[How to complete this task] Copy out each line of the listing below where the string "Rogoźno" appears.
+++
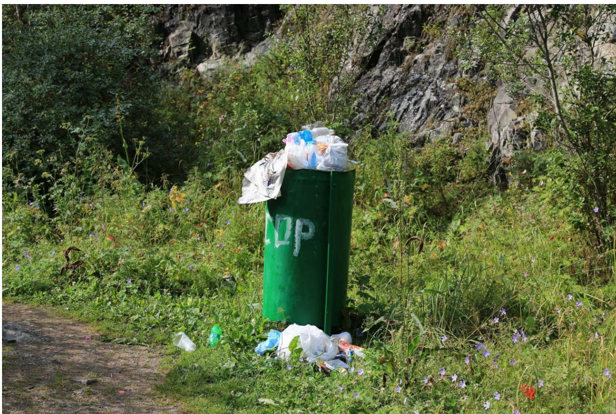
В Тургеньском ущелье

Вот какой ответ был получен на обращение к президенту. Его, обращение, как вы говорите, фактически смыли в унитаз. Я не знаю, какой более яркое сравнение тут можно привести.
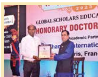
Rashtrapita National Award
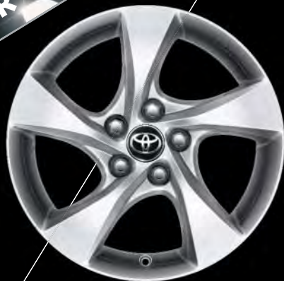
17"-Leichtmetallfelgen für die Ausstattung „FLOW“
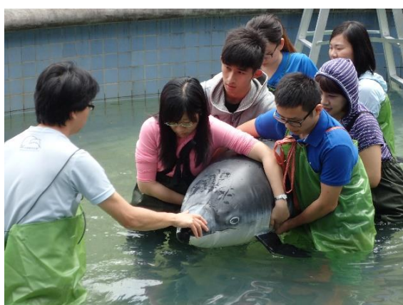
◆ 模擬活體擱淺救傷照護
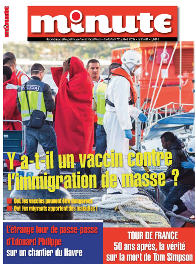
Figura 2 – Jornal Minute , julho 2017 Figura 3 – Jornal Minute , novembro 2017

Voltemos à observação de mais algumas primeiras páginas de Minute , o jornal politicamente incorreto.
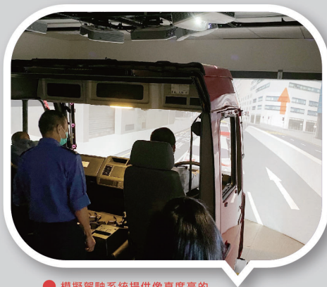
● 模擬駕駛系統提供像真度高的香港街道環境和不同場景。

經過兩年多的時間，消防處與香港大學工業及製造系統工程系合作研發的模擬駕駛系統，已於去年11月在消防及救護學院的駕駛訓練中心啟用，為消防及救護駕駛學員提供虛擬駕駛訓練。該訓練系統提供高像真度的香港街道環境，讓學員模擬在包括天雨、黑夜、特色路段及繁忙路面等不同情況下，處理不同危機及進行緊急召喚時的駕駛訓練，並讓學員在安全情況下練習各種防衛性駕駛的正確處理方法。
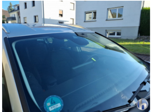
2. Windschutzscheibe Gebrauchsspuren - Ohne Reparatur
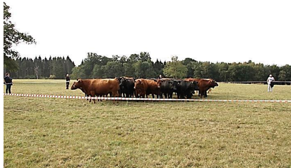
Bildunterschrift: Die Teilnehmer lernen das sichere Trei- ben der Rinder.

In 13 weiteren kurzen Schulungsfilmern der SVLFG auf YouTube kann sich der Landwirt oder Betriebshelfer künftig ohne großen Aufwand zu Detailthemen informie- ren. Themen dieser Kurzfilme sind unter anderem die Wahrnehmung von Rindern, sicheres Treiben, sichere Verladung, Sicherheit am Melkstand oder der Fangstand. SVLFG
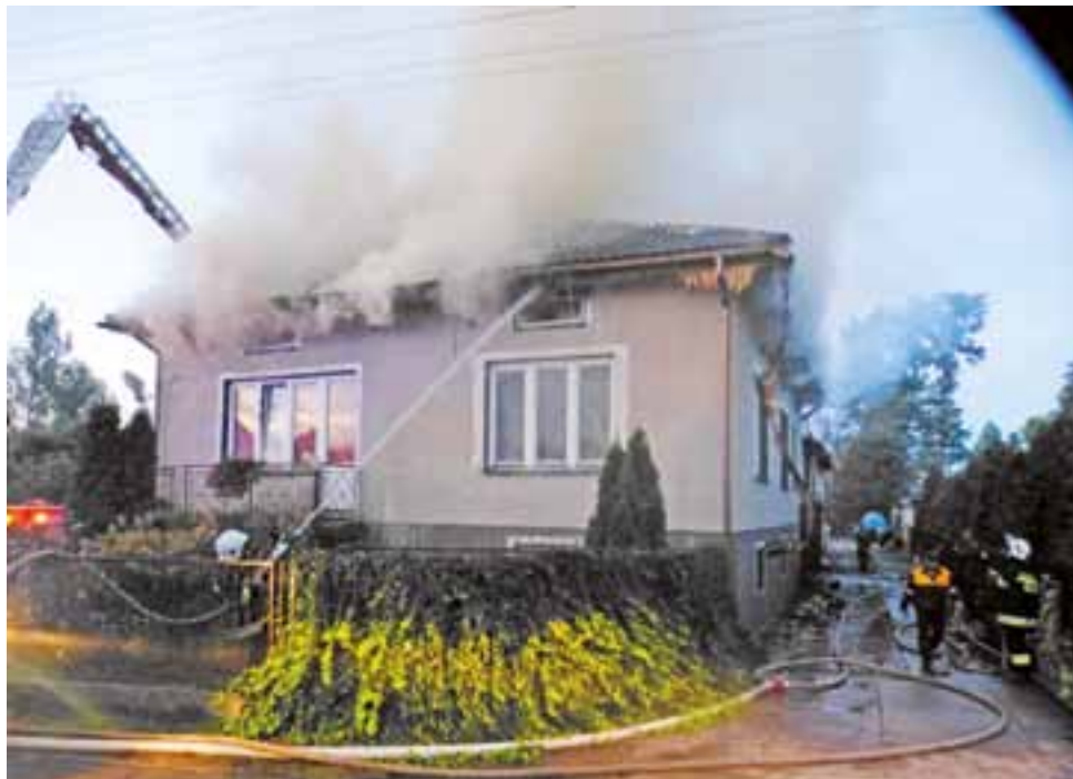
Najtrudniejsze było ugaszenie wypełnionego słomą i sianem poddasza domu mieszkalnego.

Bezpośrednio w wyniku pożaru nikt z domowników nie ucierpiał fizycznie. Później jednak,
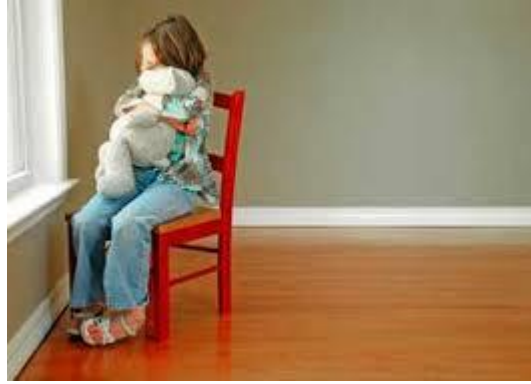
Resim 3.4: Duygusal istismar

En genel anlamı ile “çocuğun iç görüsünü ya da duygusal bütünlüğünü bozan her türlü eylem ya da eylemsizlik” duygusal istismar kapsamında değerlendirilmektedir. Reddetme, yalnız bırakma, aşırı koruma, bağımlı kılma, aşırı hoşgörü, baskı, aşırı otorite, sevgiden ve uyarandan yoksun bırakma, sürekli eleştiri, aşağılama, tehdit, korkutma, yıldırma, suça yöneltme, suçlama, yok sayma, çocuğun yaşına ve özelliklerine uygun olmayan beklentiler içinde olma, çocukla sürekli alay etme, çocuğun davranışlarıyla uyumsuz ağır cezalandırma ve iz bırakmasa da yüze şiddet uygulama, çocuğu aile içi uyuşmazlıklarda taraf tutmaya zorlama, aile içi şiddete tanık etme, beslenme, giyim, tıbbi gereksinimler, duygusal ihtiyaçlar veya optimal yaşam koşulları için gerekli ilgiyi göstermeme gibi eylemler de “duygusal istismar” olarak tanımlanmaktadır. Duygusal istismar; sözel istismar, fiziksel olmayan ancak çok ağır olan cezalar ya da tehditleri de içerir.
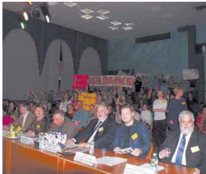
Жюри конкурса «Мисс Солнцево–2016»

Каждый год подростки и молодежь района неотрывно следят за подготовкой и проведением «Мисс Солнцево», становясь соучастниками и свидетелями самого яркого молодежного конкурса года. А после финала еще несколько месяцев обсуждают в социальных сетях итоги проекта, делятся фотографиями, видеороликами и комментариями.
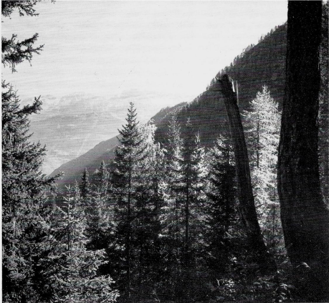
Fig. 6. - I boschi di Val del Lares. Nel fondo il gruppo di Brenta.

no, completamente roccioso, impediva l'assorbimento dell'acqua di infiltrazione.
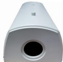
Opcional: Visor frontal Broadband Crystal IR para câmera térmica
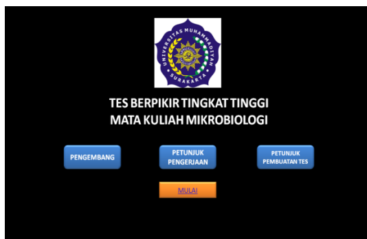
Gambar 1. Homeview

Produk instrumen tes yang sudah layak dan efektif didiseminasikan kepada dosen. Diseminasi dibantu dosen biologi untuk menyebarkan dan menularkan kepada dosen lain. Dosen biologi antusias untuk belajar membuat instrumen tes yang dikembangkan. Instrumen tes yang dikembangkan disertai petunjuk untuk membuat instrumen yang dikembangkan sehingga memudahkan dosen untuk membuat instrumen yang sama pada materi yang lain bahkan mata kuliah lain. Tampilan produk akhir dapat dilihat pada Gambar 1 hingga Gambar 5.
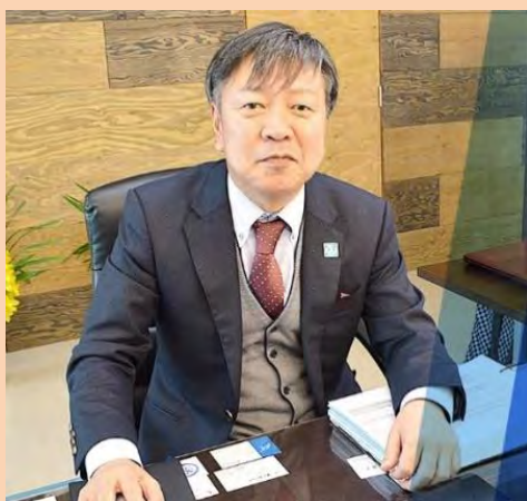
障がい者スポーツ指導者協議会 北信越ブロック ブロック長
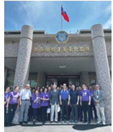
▲作者（左三）與羅蘭崗短宣隊於北監合影。

另一件是我在更生團契發現了一個新名詞“徵信”，是在北美的“隱私保護”風氣下從沒聽過的。這個把奉獻團體和個人的名字和奉獻金額按月逐條公佈的公開檔反映出了財務管理的透明度和遵守法律的嚴謹性。
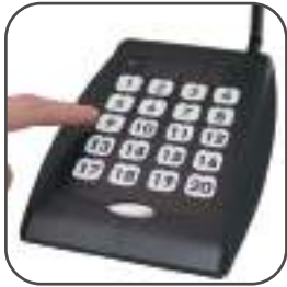
ATX-02B-5 Tastiera di chiamata

Dimensioni: 252 x 210 x 35 mm Frequenza: 420 ~ 470MHz Velocità di trasmissione: 1200 bps Modulazione: FSK Potenza di uscita: 1Watt (copertura 1km) Spaziatura canale: 12.5K Stabilità di frequenza: 2ppm a -10 ~ + 60 Consumo di corrente: Trasmissione: 300mA Alimentazione: adattatore 5V / 2A Certificazione: FCC CE
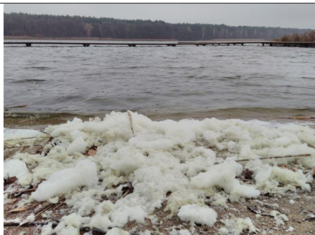
Jezioro Rogoźno - Plaża od strony miasta - 23.11.2019r

Prawidłowe funkcjonowanie kanalizacji ma znaczący wpływ na stan Jeziora Rogoźno oraz rzeki Wełny.
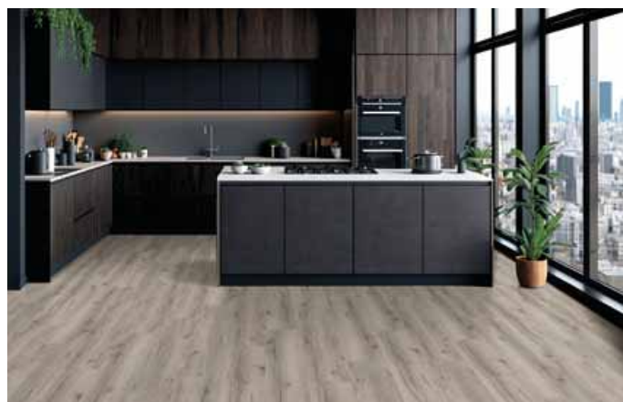
Dekor dub Dolomit perfektně pasuje k modernímu designu ve tmavých kuchyních
+++
[Reply]
Jezioro Rogoźno - Plaża od strony miasta - 23.11.2019r
Prawidłowe funkcjonowanie kanalizacji ma znaczący wpływ na stan Jeziora Rogoźno oraz rzeki Wełny.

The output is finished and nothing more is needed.